Back story.  Nothing but back story which doesn’t sell the book.  It’s impossible to tell who the main character is in the book, either.   

SCIENCE FICTION

A massive solar storm erases the world's technological infrastructure and kills billions. While the remaining humans are struggling to adapt and survive, they notice that some among them have...changed. 

This could describe dozens of standard dystopian novels.  Go for the particular about the book, not the generic. Ellipsis periods don’t add tension here, either.  

SUSPENSE

Years ago Seychelle Sullivan had the chance to save a person’s life. But on that summer night in Florida, lost in a world of teenage resentment and loneliness, Seychelle was not able to feel any pain but her own. Today Seychelle captains her father’s forty-six-foot salvage boat out of Fort Lauderdale’s New River. But she’s never escaped that one moment when she could have made a difference and didn’t.

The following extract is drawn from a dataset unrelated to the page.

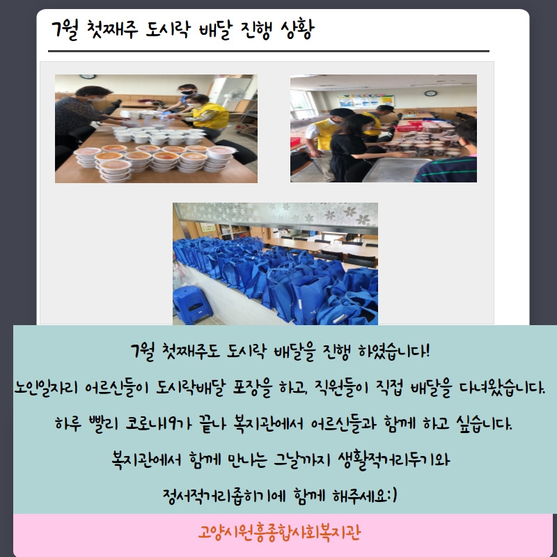 7월 첫째주 경로식당 이야기 페이지 정보 작성자 관리자 댓글 0건 조회511회 작성일 20-07-17 09:48 목록 본문 이전글7월 둘째주경로식당 이야기 20.07.17 다음글[고양시원흥종합사회복지관] 임대단지 아파트 복지 네트워크 구축을 위한 업무협약식 진행 20.07.10 댓글 0 댓글목록 등록된 댓글이 없습니다.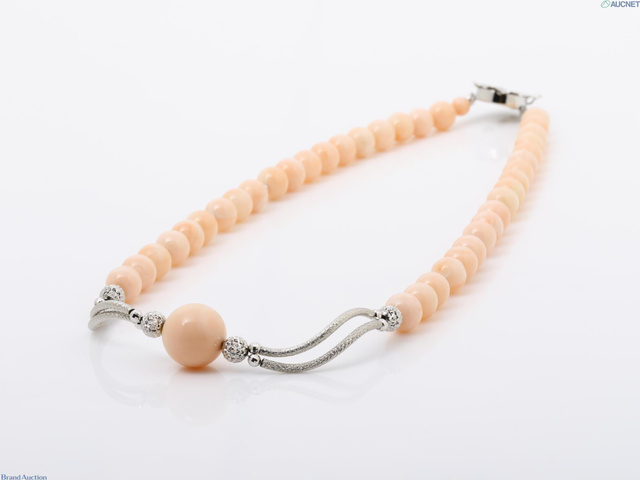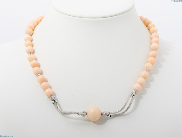 留め具K14保証/ネックレス部分PT約85%・SV ピンク珊瑚 総重量39.8g

And the suspense is?  This might as well be a mainstream novel, or any other type of novel.  No sense of conflict, plot, or danger.  It’s emotional backstory.

PARANORMAL

To secure her father's salvation, Gitta must travel to the depths of hell, accompanied only by a sexy, irritable vampire...named Scott.

The end of the blurb should be the most interesting part showing the big conflict.  Having a vampire named “Scott” isn’t even remotely a big conflict.

STEAMPUNK FANTASY

In a steampunk London that almost existed, where tinkerers and clockwork devices exist alongside handsome cabs and corsets, murder is still solved by traditional observation and intuition.

Historical fantasy is based on history, and a glaring error in your book blurb is a no-sale for many of us.  (It’s “Hansom cab,” not “handsome cab.”)

STEAMPUNK FANTASY

Final Fantasy meets Agatha Christie in this fresh steampunk fantasy.

These are two genres I never thought to see together, because, well, they don’t belong together.  It’s obvious this writer has never read any Agatha Christie which is a staid cozy or straight mystery that is the exact opposite of Final Fantasy, a roleplaying game that is mainly action/adventure.  Before you make comparisons, make sure you know the two things you are comparing.  

MYSTERY

Little did businessman and entrepreneur Michael Rossi know that the telephone call he answered on that fateful Friday would be the catalyst for his death, and the subsequent recovery of his body from the waters of Sydney Harbour the following morning. Unaware of her nephew’s fate, Esme Timmons retires for the evening, unsuspecting of the events about to unfold; events that will, ultimately, expose a grim lie, buried deep in the past.

Two passive events where a character can do nothing do not make a book blurb.  The mystery solver, not the victims, should be the focus of a blurb. If Esme is the main character, she’s presented passively.